=== What needs to be done ===
Without the pictures, restate all of the data below word for word.

=== Data provided ===
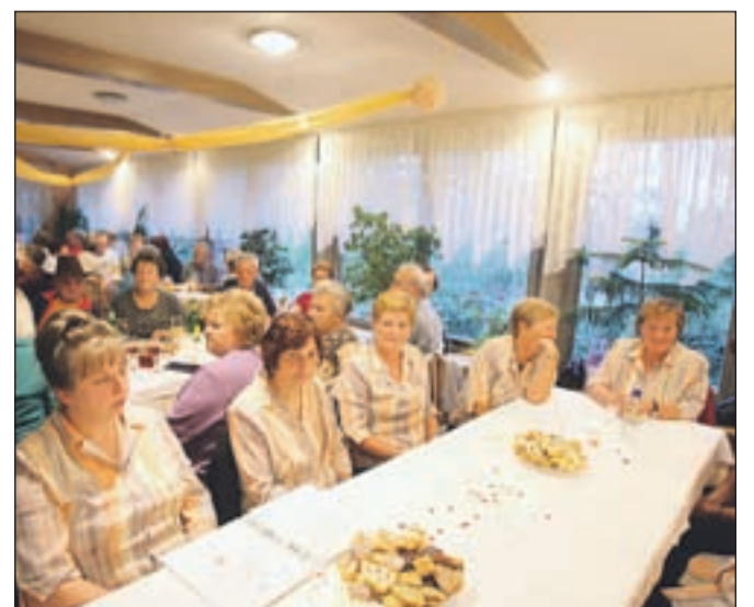
Za bolj neuraden del večera so poskrbele Ljudske pevke s Trboj.

Sredstva, ki so jih upokojenci zbrali, so namenili trem družinam v Škofji Loki. Eno izmed njih predstavlja mama samohranilka z malima otrokoma, ki je pred kratkim izgubila zaposlitev, oče otrok pa ne plačuje preživnine. Med tri obdarovane družine sodi tudi 57-letna gospa, ki ima hude zdravstvene težave; živi s sinom, ki pa jo poleg vsega tudi fizično zlorablja. Kot zadnja pa je pomoč prejela slepa invalidska upokojena, ki živi s hčerjo, katere oče prav tako ne plačuje preživnine. Odziv je bil številen, gostilnica v Crngrobu je bila tako polna dobrotelov. To pa ni prvič, da so se upokojenci iz Žabnice tako zavzeli za nekoga. "Že lani smo zbirali sredstva za Rdeče noske," je še povedala Jerica.
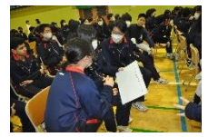
〈生徒会企画の様子〉

=== Task solution ===
Za bolj neuraden del večera so poskrbele Ljudske pevke s Trboj.

Sredstva, ki so jih upokojenci zbrali, so namenili trem družinam v Škofji Loki. Eno izmed njih predstavlja mama samohranilka z malima otrokoma, ki je pred kratkim izgubila zaposlitev, oče otrok pa ne plačuje preživnine. Med tri obdarovane družine sodi tudi 57-letna gospa, ki ima hude zdravstvene težave; živi s sinom, ki pa jo poleg vsega tudi fizično zlorablja. Kot zadnja pa je pomoč prejela slepa invalidska upokojena, ki živi s hčerjo, katere oče prav tako ne plačuje preživnine. Odziv je bil številen, gostilnica v Crngrobu je bila tako polna dobrotelov. To pa ni prvič, da so se upokojenci iz Žabnice tako zavzeli za nekoga. "Že lani smo zbirali sredstva za Rdeče noske," je še povedala Jerica.
〈生徒会企画の様子〉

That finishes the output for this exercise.